Thymomas and thymic carcinomas originate from the epithelial cells of the thymus within the anterior mediastinum. The thymus is an encapsulated bilobed gland. Each lobe of the thymus has a superior and inferior horn and extends laterally to each respective phrenic nerve. The thymus is supplied by branches off of the internal mammary, inferior thyroid, and pericardiophrenic arteries. It is drained by tributaries from the innominate vein or directly into the superior vena cava (SVC). The thymus is vital in the development of the adaptive immune system and commonly involutes after puberty into fibrofatty tissue. There has been a strong association between myasthenia gravis and thymomas that was found incidentally in 1939 by Alfred Blalock. The presence of histologic heterogeneity is common among thymomas, and as a result, benign and malignant thymomas cannot simply be differentiated based on history; however, malignant thymomas are much more invasive compared to their benign counterpart.[1] The 15-year survival rate is 12.5% in patients with invasive thymomas and 47% in patients with noninvasive thymomas. Deaths related to thymomas usually occur from cardiac tamponade or other cardiorespiratory complications.
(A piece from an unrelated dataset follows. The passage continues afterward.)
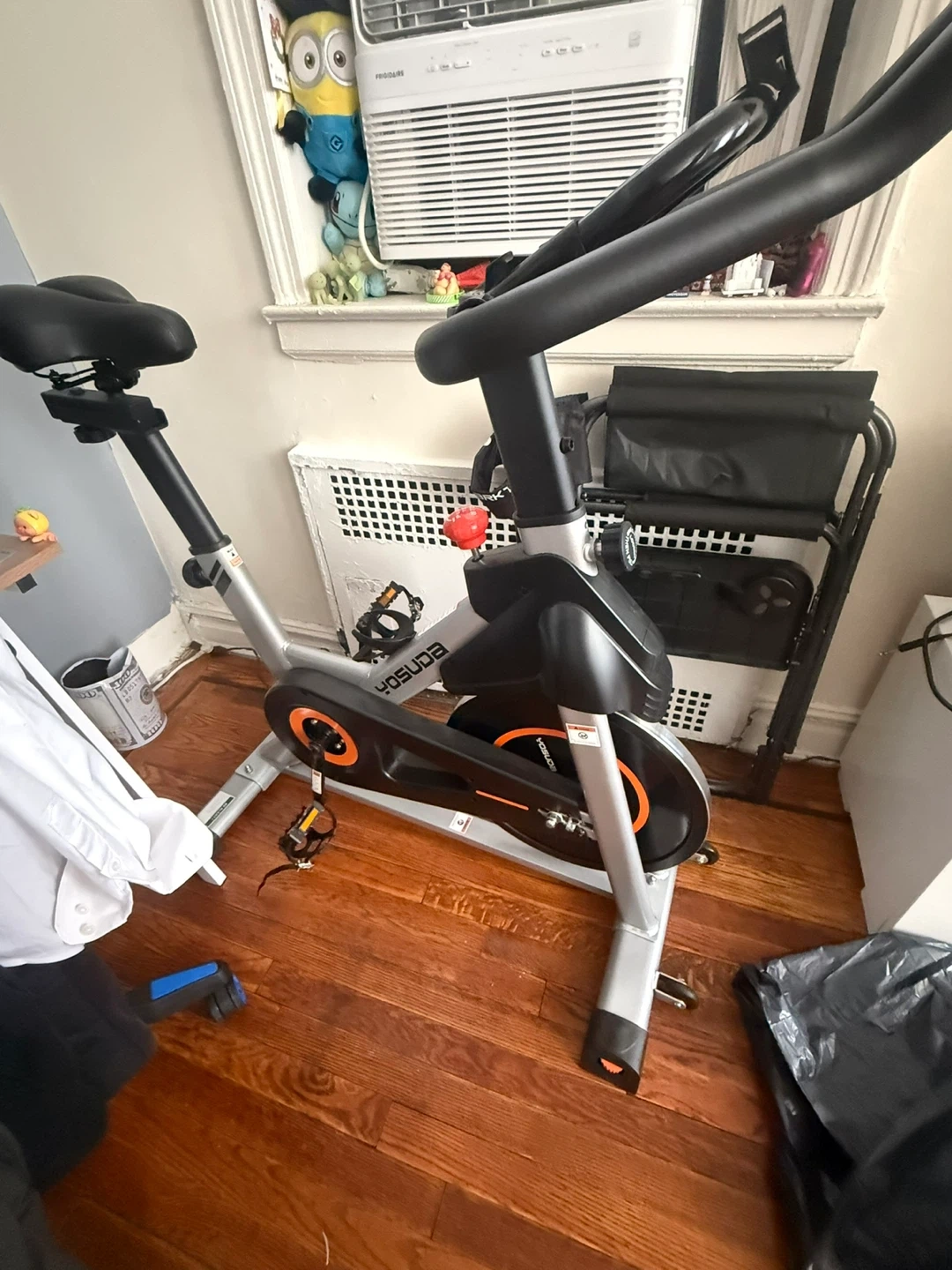 This is a YOSUDA spin bike. It has an adjustable seat and handlebars for a comfortable workout. The bike features a smooth, quiet ride.

There are no known risk factors for the development of thymomas or thymic carcinoma. The etiology of thymic neoplasms remains unknown. There is a strong association of thymomas with myasthenia gravis and other paraneoplastic syndromes such as total red cell aplasia, polymyositis, systemic lupus erythematosus, Cushing syndrome, and syndrome of inappropriate antidiuretic hormone secretion.[2][3][4][5] Thirty to forty percent of patients with a thymoma experience symptoms suggestive of myasthenia gravis. An additional 5% of patients have paraneoplastic syndromes.


Thymomas and thymic carcinomas are the most common mass of the anterior mediastinum.[6] They account for approximately 20% of all mediastinal neoplasms. They commonly occur between the fourth and sixth decades of life. No sexual or racial predilection exists.


A thymoma is a malignant epithelial tumor most commonly found in the prevascular mediastinum. It also can be found in the neck, pulmonary hilum, thyroid, lung, pleura, or pericardium. In gross examination; it is a well-circumscribed, tan, firm mass that ranges in size from microscopic to over 30 cm in diameter. It is lobulated with bands of fibrous stroma and, at times, cystic changes.

Thymic carcinomas lack a lobulated architecture in contrast to thymomas. They possess the cytoarchitectural features of carcinoma and lack immature T cell lymphocytes. Thymic carcinomas and thymomas can be synchronous. Thymomas at times can develop into carcinomas; however, they often take 10 to 14 years to do so. Grossly they are large, firm, infiltrating masses with numerous areas of cystic change and necrosis. Fifteen percent or less are encapsulated.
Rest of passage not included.